→ **Assignment**: Everything from the line with "Kufr na nářadí z" to the line with "Vintage Lily of" in the listing below, both lines included, needs to be copied exactly, apart from the pictures.

→ **Records shown**:

++++++++

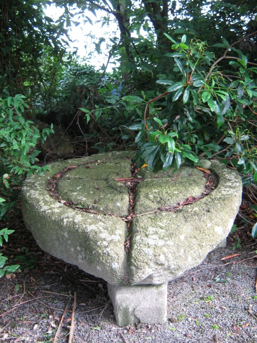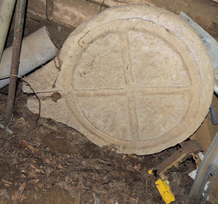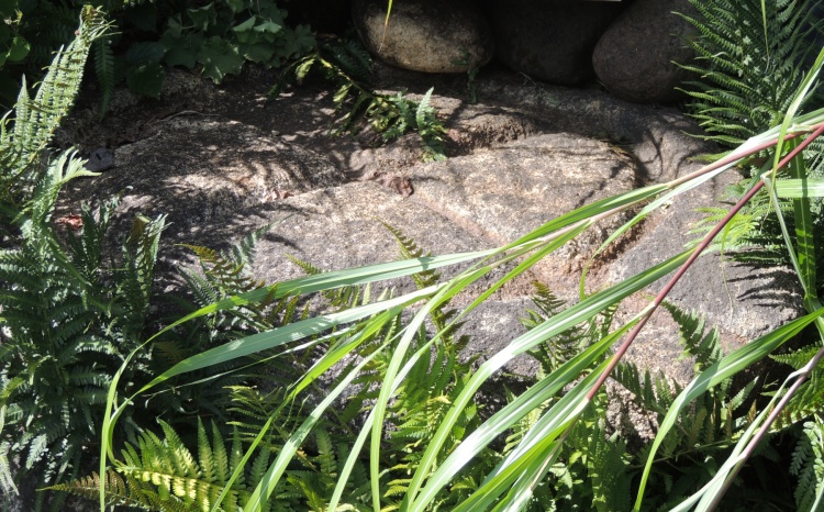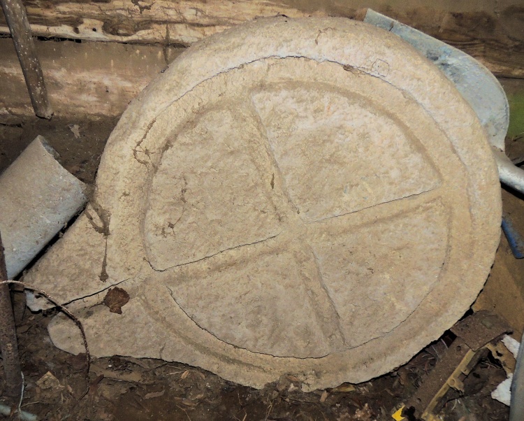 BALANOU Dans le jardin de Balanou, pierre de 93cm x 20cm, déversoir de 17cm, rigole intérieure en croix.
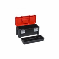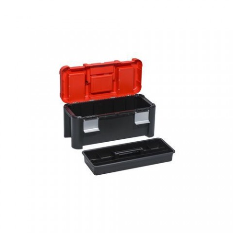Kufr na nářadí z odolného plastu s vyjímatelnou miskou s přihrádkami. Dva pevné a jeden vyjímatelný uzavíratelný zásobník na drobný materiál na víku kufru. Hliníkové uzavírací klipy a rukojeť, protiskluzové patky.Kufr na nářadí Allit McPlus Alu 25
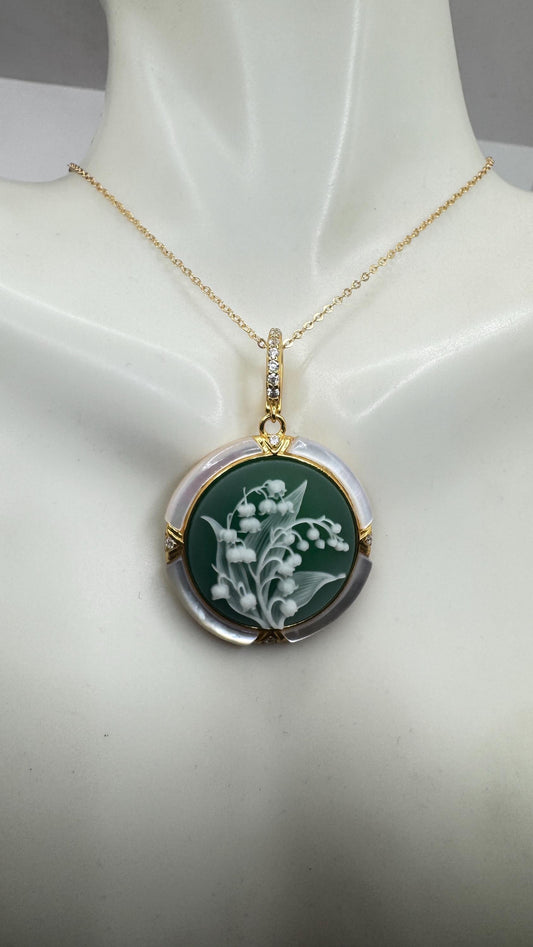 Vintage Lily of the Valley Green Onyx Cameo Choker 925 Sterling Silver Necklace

++++++++

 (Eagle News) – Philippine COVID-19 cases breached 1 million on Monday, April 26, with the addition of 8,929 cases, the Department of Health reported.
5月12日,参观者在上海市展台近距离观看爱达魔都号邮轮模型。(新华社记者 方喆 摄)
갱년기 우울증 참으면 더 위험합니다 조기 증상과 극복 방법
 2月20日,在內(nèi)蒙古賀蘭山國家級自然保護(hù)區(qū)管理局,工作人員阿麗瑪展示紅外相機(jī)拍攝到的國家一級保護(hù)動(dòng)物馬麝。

++++++++

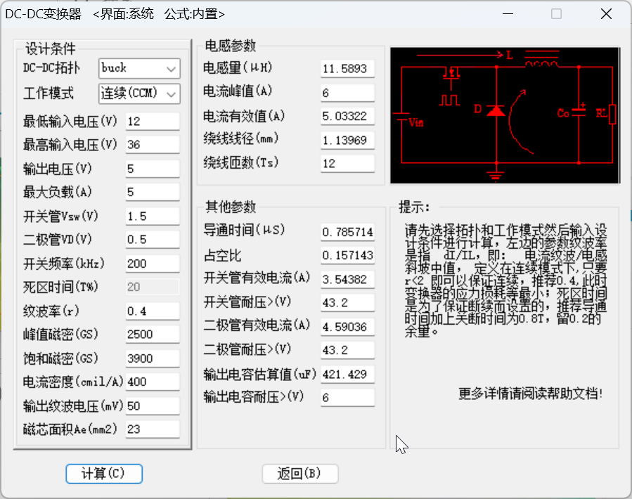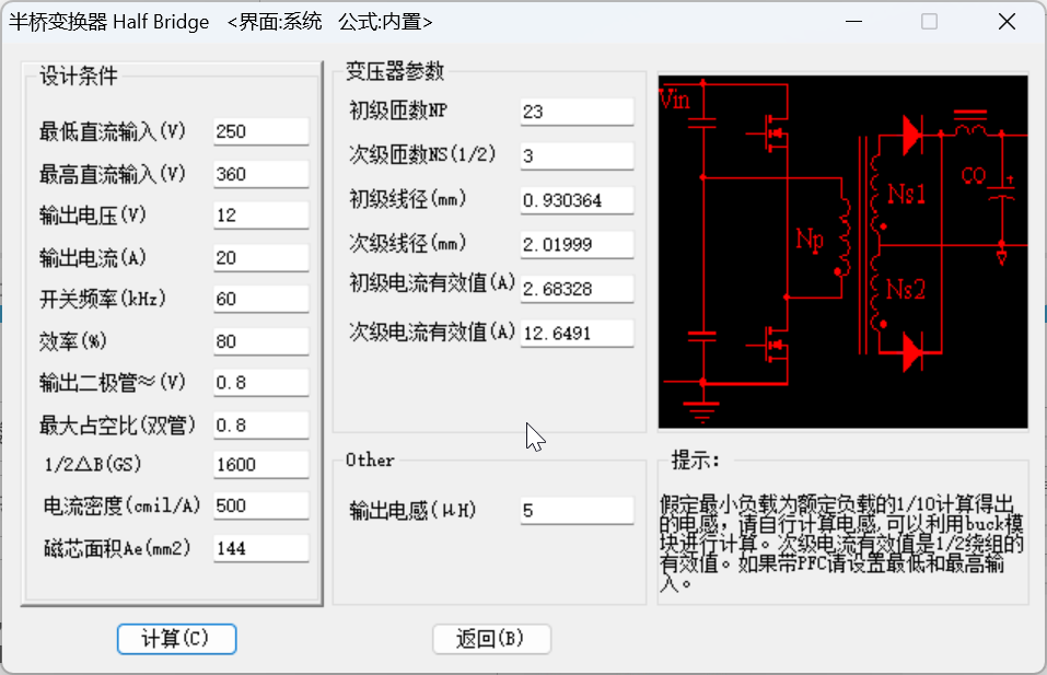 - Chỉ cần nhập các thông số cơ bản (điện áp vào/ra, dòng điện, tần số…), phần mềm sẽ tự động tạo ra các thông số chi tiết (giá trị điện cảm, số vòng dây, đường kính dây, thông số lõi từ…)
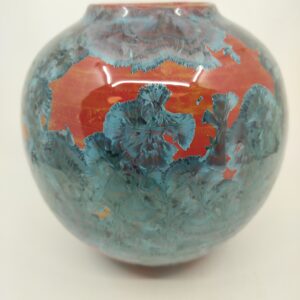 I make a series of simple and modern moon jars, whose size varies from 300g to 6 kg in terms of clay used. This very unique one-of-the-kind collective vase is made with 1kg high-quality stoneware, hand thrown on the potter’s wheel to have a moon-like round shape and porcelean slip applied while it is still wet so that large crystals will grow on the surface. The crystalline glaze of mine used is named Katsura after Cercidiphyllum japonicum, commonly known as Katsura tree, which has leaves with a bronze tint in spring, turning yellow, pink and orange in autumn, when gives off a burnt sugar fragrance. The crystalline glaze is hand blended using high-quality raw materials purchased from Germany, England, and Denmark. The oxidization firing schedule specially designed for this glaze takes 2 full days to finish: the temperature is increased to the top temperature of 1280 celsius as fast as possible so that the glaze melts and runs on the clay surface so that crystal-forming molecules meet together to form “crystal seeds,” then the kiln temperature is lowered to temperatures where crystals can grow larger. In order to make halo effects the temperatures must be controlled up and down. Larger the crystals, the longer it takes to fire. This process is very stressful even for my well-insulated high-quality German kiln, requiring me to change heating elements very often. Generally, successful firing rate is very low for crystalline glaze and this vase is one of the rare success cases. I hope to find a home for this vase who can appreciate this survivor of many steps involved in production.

++++++++

→ **Result for this task**:
Kufr na nářadí z odolného plastu s vyjímatelnou miskou s přihrádkami. Dva pevné a jeden vyjímatelný uzavíratelný zásobník na drobný materiál na víku kufru. Hliníkové uzavírací klipy a rukojeť, protiskluzové patky.Kufr na nářadí Allit McPlus Alu 25
 Vintage Lily of the Valley Green Onyx Cameo Choker 925 Sterling Silver Necklace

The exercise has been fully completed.